Contents
Creation of instances happens a lot. A fair load is done by just creating instances and due to bad allocation shifting them around later again. Additionally, if you turn up a new cluster you already know a bunch of instances, which need to exists on the cluster. Doing this one-by-one is not only cumbersome but might also fail, due to lack of resources or lead to badly balanced clusters.
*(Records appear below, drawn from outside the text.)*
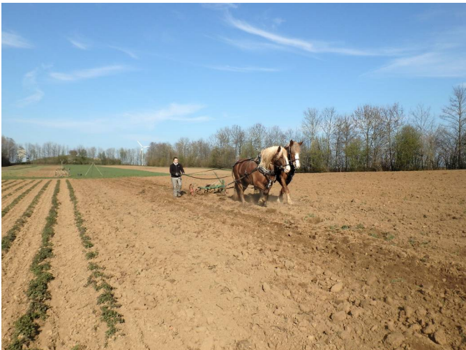
Zuerst wird das Land (hier neben der Brennnessel) gegrubbert, dabei wird der Boden gelockert, ohne ihn zu wenden.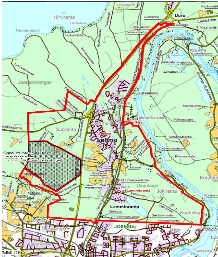
Kuva 1. Lehmon osayleiskaava-alue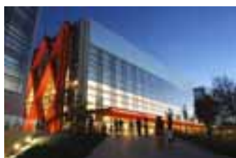
EL NUEVO. Los peregrinos apenas lo ven de lejos pero prometen volver para verlo.

La nueva instalación se ha convertido en uno de los elementos turísticos clave en la ciudad y desde la Asociación de Guías de Burgos se lo muestran, de lejos, al final de la ruta para peregrinos.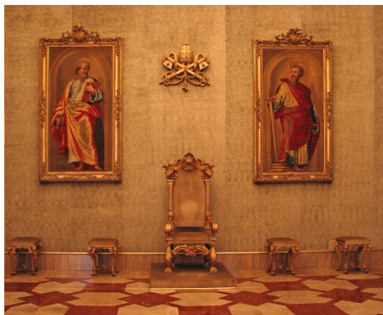
Ilustračný obrázok

Žijeme teda v období sede vacante ? McCusker hovorí, že triezva teologická analýza by to potvrdila, necháva však na čitateľov, aby sa rozhodli, či jeho interpretácia citovaných autorov je dostatočne presvedčivá alebo nie. Podobne urobíme aj my a ponecháme na tých, ktorých to zaujíma, aby si preštudovali argumenty a spôsob, akým ich McCusker spája a posúdili nakoľko sú presvedčivé.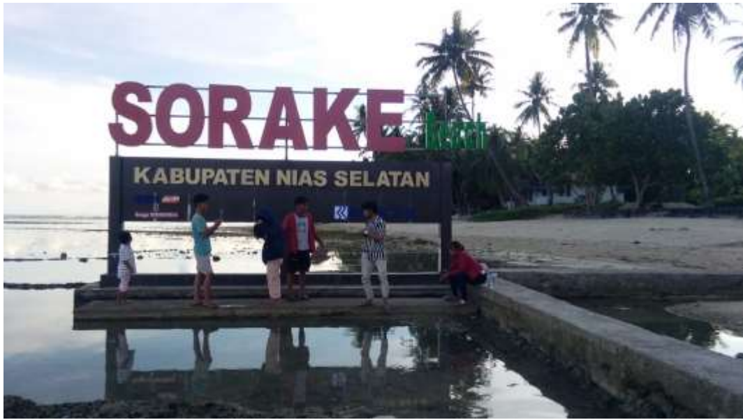
Gambar 3. Gapura Sorake

Since the early Ganeti 2.0 alpha version there is a gnt-instance batch-create command to allocate a bunch of instances based on a json file. This feature, however, doesn’t take any advantages of iallocator and submits jobs in a serialized manner.
To overcome this shortcoming we would extend the current iallocator interface to allow bulk requests. On the Ganeti side, a new opcode is introduced to handle the bulk creation and returning the resulting placement from the IAllocator.
Due to the design of chained jobs, we can guarantee, that with the state at which the multi-alloc opcode is run, all of the instances will fit (or all won’t). But we can’t guarantee that once the instance creation requests were submit, no other jobs have sneaked in between. This might still lead to failing jobs because the resources have changed in the meantime.
A new additional type will be added called multi-allocate to distinguish between normal and bulk operation. For the bulk operation the request will be a finite list of request dicts.
If multi-allocate is declared, request must exist and is a list of request dicts as described in Operation specific input. The result then is a list of instance name and node placements in the order of the request field.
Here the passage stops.